"I started drinking at the age of 12. I think I needed one at the age of 6. That is about how far back I can remember where I didn't feel like how other people looked. I felt I didn't fit in. I felt alone in a group of people. I was riddled in fear. I had this constant feeling of impending doom. I was always scared of getting beat up, dying from a fatal illness or harm coming towards someone I love. It just always felt like something was about to go wrong.
These feelings had little to do with the environment I grew up in. My parents were loving, I was involved in sports, and excelled in school. While my life as a child wasn't perfect, I was blessed to have such amazing parents who truly did their best with the tools that they had.
When I discovered alcohol, it took all of the fear away. At last I felt comfortable in my skin. I could talk to girls. I wasn't afraid to fight. I felt at union with others. Alcohol was my solution to being maladjusted to life.
I can safely say I was better with alcohol. For many years it was my best friend......until it quit working and things began to go dark. Alcohol no longer had the same positive effect on me as it used to. I soon found that cocaine was able to help me continue to drink without getting messy. It was basically a vitamin to allow me to keep drinking and bought me a couple of extra years of relief. Soon after, things got even darker.. While my intentions were always to have one or two drinks to take the edge off, more often than not, the night would end with me alone, drunk and high in a complete state of paranoia staring out my window for hours on end with a baseball bat in my hands. While I didn't contemplate suicide during this dark period of my life, I did have constant and intense feelings of impending doom. These are feelings I had when sober and inevitably always drove me back to the alcohol and drugs.
To others, my life looked perfect. Even with all the alcohol abuse, I was still able to maintain a high level of perceived success. I had a good job, great family, lots of material possessions and many of the external benchmarks that society would deem as a success. But I was dying on the inside.....What I have come to learn with a level of certainness, is that your can't alleviate an inside malady with outside stuff. All the outside success in the world can't fill the whole in the soul that is alcoholism (addiction).

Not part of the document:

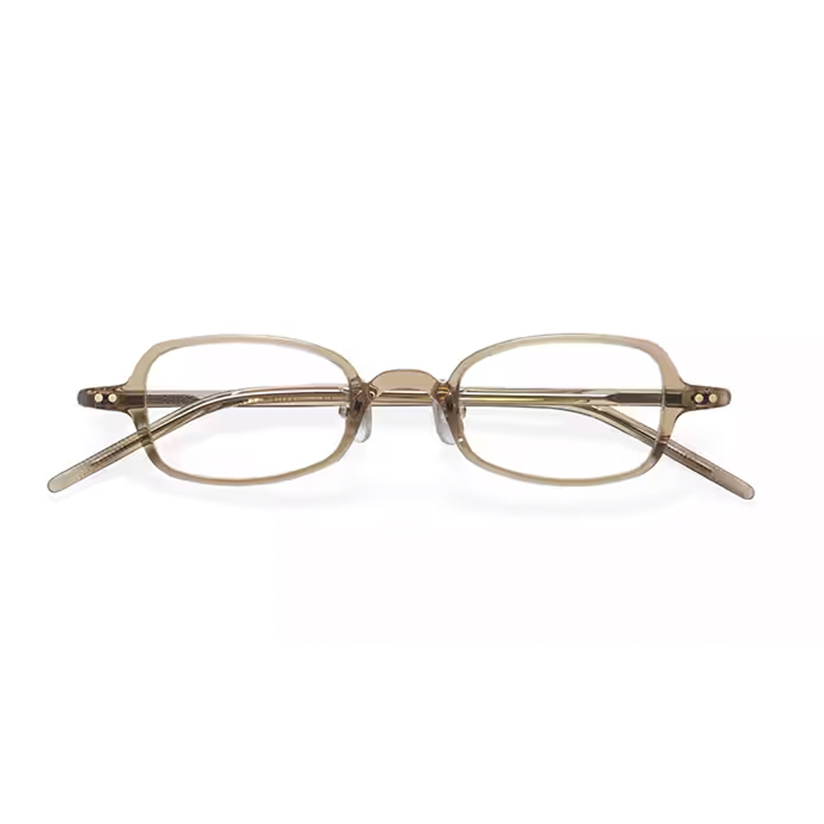 前枠は小ぶりに、かつ高密度アセテートを使うことで、薄くスッキリとした見た目に。

I know that men are often encouraged to reach out when struggling. I am the guy that did reach out. I started looking for mental help in my late 20's. Over the next 15 years I had been to counsellors, therapists, treatment centres, doctors, and private coaches. I have been diagnosed with ADHD, bipolar, manic, PTSD and depression. At one point in time, I was taking as many as 20 prescription pills a day. My mental state was really starting to deteriorate. I felt I had become a fraction of the man I was meant to be and the doctors told me I was going to need to take meds the rest of my life to maintain any kind of mental health. In addition to all the pills, I still couldn't stop drinking.
Now I do want to really clarify, that anyone that tried to help me truly had my best interests in mind. I also don't want to minimize any of these other mental conditions in any way. They are very real, cause immense suffering, and require medical help. It just wasn't what I was suffering from. The professionals didn't know what to do with me and unfortunately most didn't have the humility to say so, At the end of the day, I was an alcoholic. I can still remember sitting across from a recovered alcoholic and having him go through a certain chapter in their textbook for 12 step recovery. He was explaining how I was physically and mentally different than my fellows and it had nothing to do with choice. It felt like the gates of insanity were finally starting to lift. It was like holy shit.......that's me! For the first time in my life I finally knew what I was! Not only did this person explain what I was suffering from, but they also assured me there was a solution. I finally had some hope!"